Data segment:
^^^^^^^^
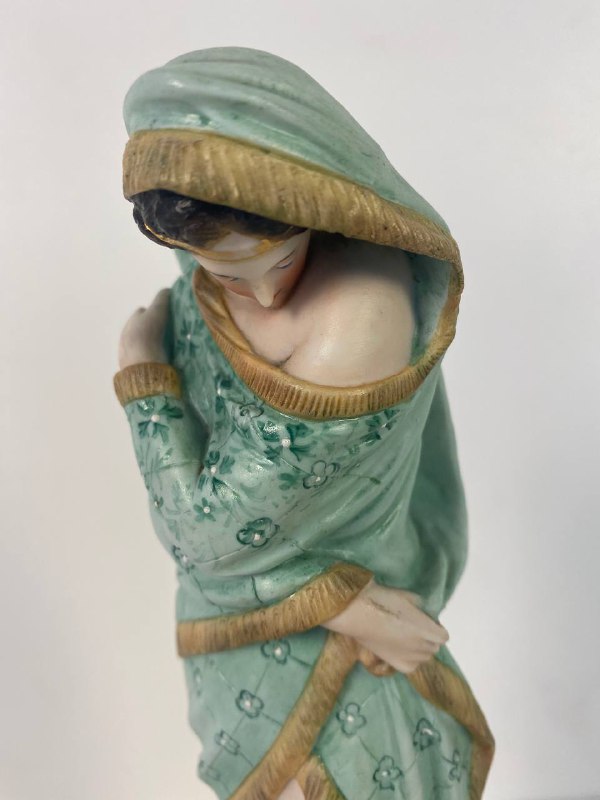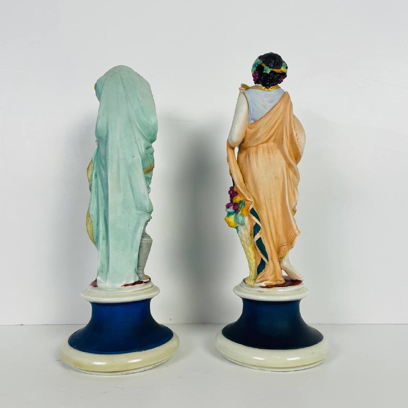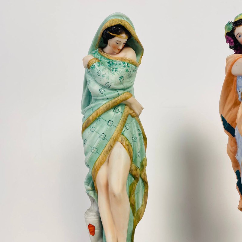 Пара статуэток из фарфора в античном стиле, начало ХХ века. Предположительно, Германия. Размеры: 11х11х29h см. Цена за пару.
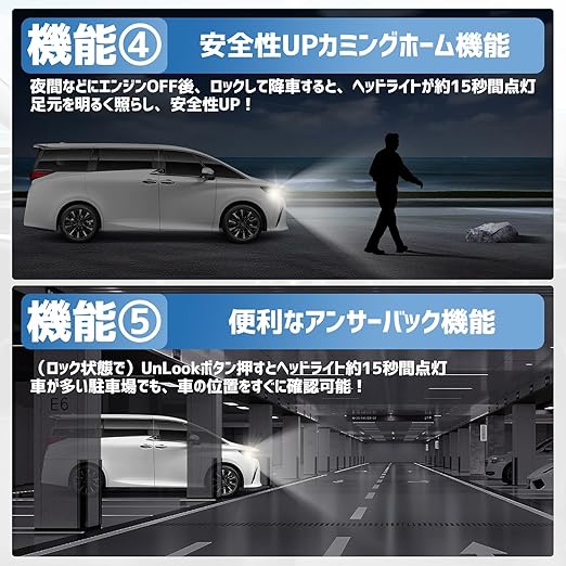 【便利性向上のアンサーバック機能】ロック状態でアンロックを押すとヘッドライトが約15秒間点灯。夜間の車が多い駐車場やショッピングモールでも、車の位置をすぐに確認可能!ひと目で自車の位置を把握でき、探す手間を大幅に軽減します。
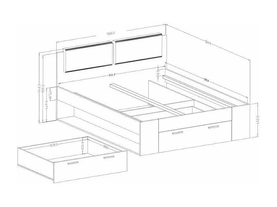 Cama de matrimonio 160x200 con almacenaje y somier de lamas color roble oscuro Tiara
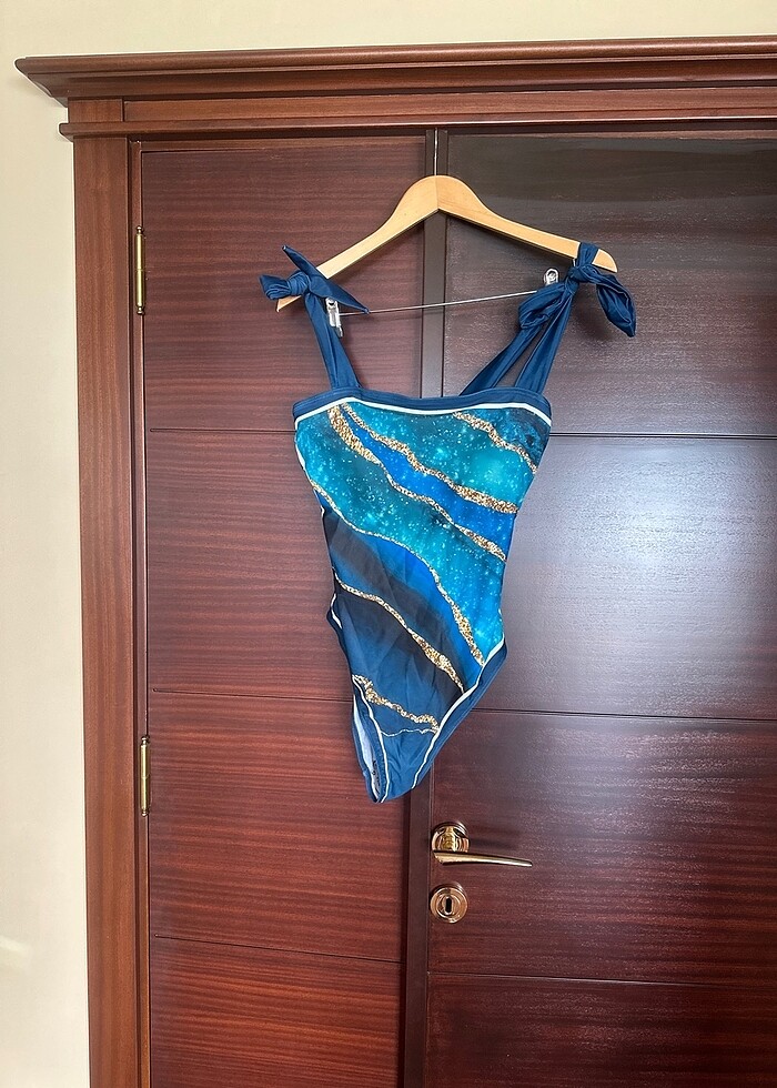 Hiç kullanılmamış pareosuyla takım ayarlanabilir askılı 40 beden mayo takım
^^^^^^^^
Your assignment: Restate every line of the listing exactly. Pictures are not part of the copy.

Result below:
 Пара статуэток из фарфора в античном стиле, начало ХХ века. Предположительно, Германия. Размеры: 11х11х29h см. Цена за пару.
 【便利性向上のアンサーバック機能】ロック状態でアンロックを押すとヘッドライトが約15秒間点灯。夜間の車が多い駐車場やショッピングモールでも、車の位置をすぐに確認可能!ひと目で自車の位置を把握でき、探す手間を大幅に軽減します。
 Cama de matrimonio 160x200 con almacenaje y somier de lamas color roble oscuro Tiara
 Hiç kullanılmamış pareosuyla takım ayarlanabilir askılı 40 beden mayo takım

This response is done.